- Founded: 1983
- Dissolved: 1987
- Merged into: Liberal-Republican Union
- Headquarters: Santiago, Chile
- Ideology: Liberalism Classical liberalism
- Political position: Centre to centre-right
- National affiliation: Democratic Alliance

= Liberal Party (Chile, 1983) =

The Liberal Party (Partido Liberal, PL) or Liberal Movement (Movimiento Liberal, ML) was a Chilean classical liberal political party that existed between 1983 and 1987, with an opposition stance to the military dictatorship led by Augusto Pinochet.

Its origins date back to late 1983, when a group of former members of the old Liberal Party Youth decided to form the Liberal Movement, supporter of individual freedoms and the restoration of democracy by peaceful means. Among its members were Hernán Errazuriz Talavera, who would be ambassador to the United Kingdom during the government of Patricio Aylwin, medical director Arturo Brandt, Gastón Ureta, Gonzalo Gazmuri, Guillermo Toro and Claudio Cerda.

Eventually, it started taking a decidedly oppositional character to Pinochet's regime, which led them to join the Democratic Alliance in October 1984. Subsequently signed the National Agreement and constituted the ephemeral Democratic Federation (Federación Democrática) in 1985 with the National Party and the Republican Party. It made its first convention in October 1986.
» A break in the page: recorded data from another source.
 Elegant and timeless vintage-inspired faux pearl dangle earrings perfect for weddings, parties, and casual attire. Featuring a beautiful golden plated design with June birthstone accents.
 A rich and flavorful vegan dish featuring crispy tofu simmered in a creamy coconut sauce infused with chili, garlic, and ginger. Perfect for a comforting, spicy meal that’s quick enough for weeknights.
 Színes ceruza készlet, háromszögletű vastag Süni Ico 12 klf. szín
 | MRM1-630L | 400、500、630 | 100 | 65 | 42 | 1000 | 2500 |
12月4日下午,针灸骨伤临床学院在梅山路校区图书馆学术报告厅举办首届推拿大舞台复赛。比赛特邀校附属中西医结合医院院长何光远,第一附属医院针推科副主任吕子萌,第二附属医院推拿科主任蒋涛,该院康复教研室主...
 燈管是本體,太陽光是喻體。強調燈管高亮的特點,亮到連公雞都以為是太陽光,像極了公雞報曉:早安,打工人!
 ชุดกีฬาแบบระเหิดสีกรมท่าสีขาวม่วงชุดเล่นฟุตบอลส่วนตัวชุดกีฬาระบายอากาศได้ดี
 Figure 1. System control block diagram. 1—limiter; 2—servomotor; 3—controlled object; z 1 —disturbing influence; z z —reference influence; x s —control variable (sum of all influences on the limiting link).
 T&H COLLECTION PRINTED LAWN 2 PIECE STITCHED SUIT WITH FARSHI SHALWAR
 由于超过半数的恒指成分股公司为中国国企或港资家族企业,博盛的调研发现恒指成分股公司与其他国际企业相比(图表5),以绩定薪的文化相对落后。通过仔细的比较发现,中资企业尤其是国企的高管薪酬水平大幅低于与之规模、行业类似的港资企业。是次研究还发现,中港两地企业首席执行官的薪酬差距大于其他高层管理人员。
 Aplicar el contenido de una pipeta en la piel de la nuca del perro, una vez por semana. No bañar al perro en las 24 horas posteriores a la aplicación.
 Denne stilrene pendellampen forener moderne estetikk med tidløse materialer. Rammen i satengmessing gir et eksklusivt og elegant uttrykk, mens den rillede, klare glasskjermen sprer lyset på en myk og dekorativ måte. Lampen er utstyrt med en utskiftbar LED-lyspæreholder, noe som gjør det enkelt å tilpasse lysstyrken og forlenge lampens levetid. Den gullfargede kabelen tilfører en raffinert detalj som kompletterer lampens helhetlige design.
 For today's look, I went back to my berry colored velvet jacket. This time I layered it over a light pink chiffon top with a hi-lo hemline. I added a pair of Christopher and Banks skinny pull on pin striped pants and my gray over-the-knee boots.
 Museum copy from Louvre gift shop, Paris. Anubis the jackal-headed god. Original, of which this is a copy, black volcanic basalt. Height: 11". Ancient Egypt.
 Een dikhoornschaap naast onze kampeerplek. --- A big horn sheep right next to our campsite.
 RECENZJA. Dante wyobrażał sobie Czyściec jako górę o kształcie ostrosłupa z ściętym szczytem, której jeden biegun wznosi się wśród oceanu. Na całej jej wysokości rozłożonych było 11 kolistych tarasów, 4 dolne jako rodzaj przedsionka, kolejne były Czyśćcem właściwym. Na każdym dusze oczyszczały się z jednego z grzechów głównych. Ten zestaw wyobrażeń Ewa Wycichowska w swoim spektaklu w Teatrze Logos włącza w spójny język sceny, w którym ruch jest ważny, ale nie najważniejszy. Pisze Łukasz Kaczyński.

The alignment of the liberals with the opposition led some critics party members decided to secede from the main Liberal Party. These factions, separated between 1985 and 1987, form the Reformist Liberal Party (Partido Liberal Reformista), the Unionist Liberal Party (Partido Liberal Gremialista) —both subsequently joined the National Party— and the Authentic Liberal Party (Partido Liberal Auténtico), which later evolve into the Liberal Democrat Party of Chile.

In December 1987, the Liberal Party decided to merge with the Republican Party to make way for the Liberal-Republican Union.